Sadece Turkiye’de...

Dilimin ucuna dolanan merhaba sözcüğü. Üzerinde iki noktalı ö ve ü harfleriyle dolu anlayamadığım cümlelerden oluşan türkçe bir kitap. Güçlü Anadolu anlamına gelir ancak, Fransız okul kitaplarında Kemalist Laik Turkiye Cumhuriyeti diye geçer (La Republique Laique et Kemaliste de la Turquie).

Hangi şehirde olursam olayım; Cumhuriyet meydanı, Ataturk Bulvarı. Yağmurlu Üsküdar sokaklarındaki çamurlu mendiller ve ODTÜ kampüsünde yapılan bahar şenliklerindeki ıslak çimenler. Çay kokan Karadeniz ve yanı başında bulunan buz gibi soğuk Ege denizi. İstanbul’dan Ağrı’ya uzanan yeşil yaylalar ve kahverengi bozkırlar.

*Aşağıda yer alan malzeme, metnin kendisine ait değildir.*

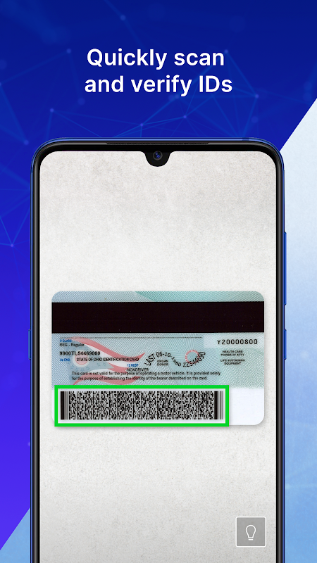 اپنے وزیٹر کا نام، تاریخ پیدائش، پتہ، ID کی میعاد ختم ہونے کی تاریخ، اور عمر جمع کرنے کے لیے بس اپنی ID کے پچھلے حصے پر موجود بارکوڈ کو اسکین کریں (جیسے کہ USA جاری کردہ ڈرائیور کا لائسنس یا ریاستی ID)۔ VeriScan آن لائن پورٹل کا استعمال کرتے ہوئے، آپ گروپس، الرٹ کی فہرستیں، اور ملٹی اسکین الرٹس ترتیب دے سکتے ہیں۔

Nazım Hikmet’in kızıl saçları ve frambuazla böğürtleni ayırt edemeyen pastaneler. Mıhlama ve zeytinyağlı dolmaya eşlik eden saz, kemençe, göbek havası ve her düzlükte tepilen horonlar. Biraz Garip, biraz da Pamuk gibi.

İnce belli bardağım.

Gürcistan

Vahşi ve balta girmemiş yeşil bir orman.

Dışı sade içi süslü ve janjanlı sahte sarışın ortodoks komşu kızı. Aynı zamanda bana mutluluğu ve hayatı tanıtan, soyadı ishviliyle biten, yol ortasında gezmeyi seven kapkara sineklerle etrafı sarılmış toplu ve tatlı bir inek. Tatlı bir şarap içen, mavi gözlü yakışıklı da olabilir.

Adeta kusarmış gibi konuşan zarif gençler. Zaten duvara bir tabak spaghetti atmışlar, gürcüce harfleri yaratmışlar. Spaghetti, aslında bol yağlı ve hamurlu bir börekdir; nemli ve yağmurlu uzun bir bulvar da olabilir aslında. Ya da Gül Devriminin getirdiği parlak pembe renk ve rengin işgali altında bulunan Art Nouveau tarzı balkonlar.

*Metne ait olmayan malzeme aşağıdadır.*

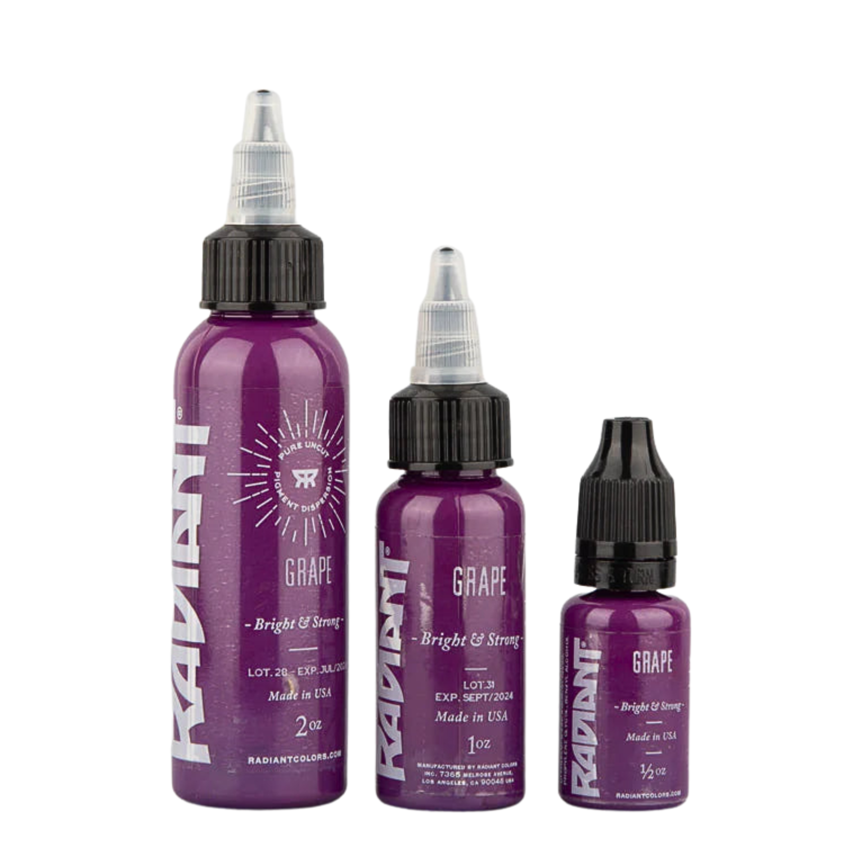 La tinta de tatuaje Radiant Ink color uva está diseñada para ofrecer pigmentos de alta pureza, con una fórmula vegana y libre de crueldad animal. Su tono morado intenso y brillante se mantiene estable con el paso del tiempo, garantizando resultados consistentes tanto en trazos como en rellenos.

Adjara, yasak Abazya ve Özurgheti. Batum, Poti, Kutaisi,Tiflis. Rustaveli caddesi ve Puskin sokaği. Bazen parlak ve alakasız renkli ışıklar. Joseph Vissarionovich Dzhugashvili’nin doğduğu küçük tahtadan bir kulübe. Ayakkabı tamircisinin dükkanının arkasinda bulunan Lenin posteri.

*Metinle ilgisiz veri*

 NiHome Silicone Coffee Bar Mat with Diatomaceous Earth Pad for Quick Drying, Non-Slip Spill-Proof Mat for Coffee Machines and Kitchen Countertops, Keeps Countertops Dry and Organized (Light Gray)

Fransızca öğrettiğim kurnaz çingene: “Je m’appelle Canard” (“İsmim Ördek”).

Fotoğraf

Herşey. Herkes.

Kavun, karpuz.

Kötü kötü bakan adam, peşimden koşuşturan çocuklar.

Aklıma gelen eski bir rüya, dünyayla paylaşmak istediğim gizli ve çözülmesi zor bir mesaj.

Beynimin derinlikleri, insanların gözleri.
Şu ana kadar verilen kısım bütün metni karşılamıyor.